Zu ihrem 18. Geburtstag am 6. Mai wurde die „Nacht der Museen“ flügge. Die Organisatoren dieser ungewöhnlichen Nacht hatten sich in Frankfurt und Offenbach spannende Performances, szenische Lesungen und Live-Musik ausgedacht. Bei dem außergewöhnlichen Programm und den angenehmen Frühlingstemperaturen strömten über 40.000 Menschen zum nächtlichen Kunsterlebnis in über 40 Museen und an die ungewöhnlichen Kunstorte. Die Atmosphäre war herrlich ungezwungen und die Stimmung bestens, und das nicht nur am Museumsufer. Eine Mischung aus Off-Szene und Stadtgeschichte bot das Programm im Frankfurter Gallus, während in Offenbach  aufregende Ausstellungskonzepte zeitgenössischer Kunst, die Inszenierung des „Blauen Krans“ und Hafenführungen die Besucher überzeugten. Dort wurde der Hafenplatz zu einer Mischung aus Hip Hop und Songwriter-Pop in Anwesenheit des Offenbacher und des Frankfurter Oberbürgermeisters und der Kulturdezernenten eingeweiht. Aber nicht alles bekommt man mit. Es ist schier unmöglich, das komplette Angebot an einem Abend wahrzunehmen. Aber auch das ist Großstadtfeeling. Man weiß, dass etwas los ist, was man schon wieder verpasst hat. 
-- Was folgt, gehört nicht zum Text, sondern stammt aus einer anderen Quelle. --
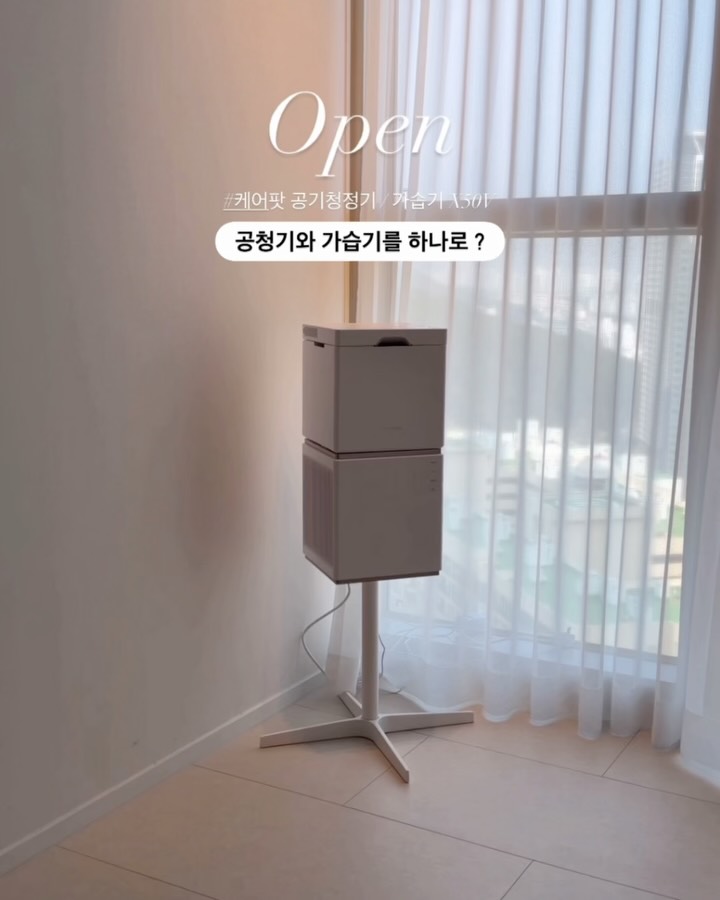 잠시후10시‼️ #최초공구 #가습기와공청기를 한번에 ! 필요한 가전은 많은데 둘 공간은 적고 지저분한 선들은 덤,,🥹 이 모든걸 해결해줄 #역대급 2 in 1 제품이 나왔어요 ! 그 유명한 케어팟에서 공청기가 새로 출시되었는데 뛰어난 #스펙은 기본이고 기존 가습기와 트랜스포머처럼 결합까지..? 🫢 공청기 + 가습기 결합시 가습기 효율이 더 높아지고 공간 차지 없이 습도와 공기 케어를 한 번에 해결 ! 무드등 기능에, 초저소음 설계로 밤중에도 조용해서 안방 / 애들방에 딱! 이고 ✔️2배 더 강력한 공기청정기능 (CADR 270㎥/h) ✔️HEPA13 필터로 3중 필터시스템 ✔️PM2.5 초미세먼지 센서 ✔️AI 자동청정모드 ✔️에너지 소비효율 1등급으로 연 1,300원 전기료까지 ! 결합가능한 X50v 가습기와 세트구매시 추가할인도 받아왔어요👀 #한정수량진행 🎁 추가이벤트 ! 공기청정기 구매자중 10분을 추첨해 랜덤으로 필터 1P가 증정됩니다 ♥️ *댓글 남겨주시지 않아도 자동으로 추첨되어용 ✦ 𝙊𝙥𝙩𝙞𝙤𝙣 ___________________________ / 공기청정기 단품(스탠드 포함) / 공청기 (스탠드 포함) + X50V : 세트할인 ⭐️ / X50V 가습기 / 스틸 스탠드[가습기 개별구매자용 / 색상 2종] ✦ 𝙄𝙣𝙛𝙤 _____________________________ • 본 제품의 결합 구조는 가습기와 공기 청정기를 타워형으로 결합하여 공간 활용과 가습 효율, 관리 편의성을 높이기 위한 목적으로 제작되었습니다. 보다 정확한 공기질 측정과 공기청정기의 필터 성능 보호를 위해 동시 사용은 권장하지 않습니다. 즉, 공기 청정기는 24시간 가동을 시켜 주시되, 가습기는 "필요 시"에 가동 시키는 것을 추천 드립니다. • 전용 어플: Tuya 어플 연동 후에 모든 기능 조작이 가능합니다. • 공기청정기는 기본적으로 스탠드가 포함되어 있는 세트 구성입니다. 미세먼지를 인식하는 센서가 본체 바닥면에 위치해있기 때문에 공기청정기 단품만 바닥에 설치를 하게되면 정확한 미세먼지 농도를 인식하기 어렵습니다. • 사용 면적은 34.5㎡로 약 10.5평 입니다. 침실 면적을 충분히 커버할 수 있는 제품입니다.

Frankfurt by night: Spitzenblick aus dem Maintower 

Wer in Mainhattan dem Himmel ein Stück näher sein wollte, der konnte Teil der Künstlerperformance „The Treadmill Runner“ werden. Er konnte  in einem Fitnessstudio des Main Towers auf 200 Meter Höhe einen Künstler auf einem Laufband durch Tempokommando erleben und antreiben. Wer hoch hinaus will, muss schon ein bisschen leiden. Um in den 24. Stock Einlass zu bekommen, war Geduld angesagt. Da musste man schon einmal etwas längeres Warten in der Schlange vor dem Main Tower in Kauf nehmen. Dafür wurde man dann allerdings mit einer großartigen Aussicht belohnt. Frankfurt war in ein Lichtermeer getaucht. Da oben war man den anderen Hochhausspitzen ganz nah…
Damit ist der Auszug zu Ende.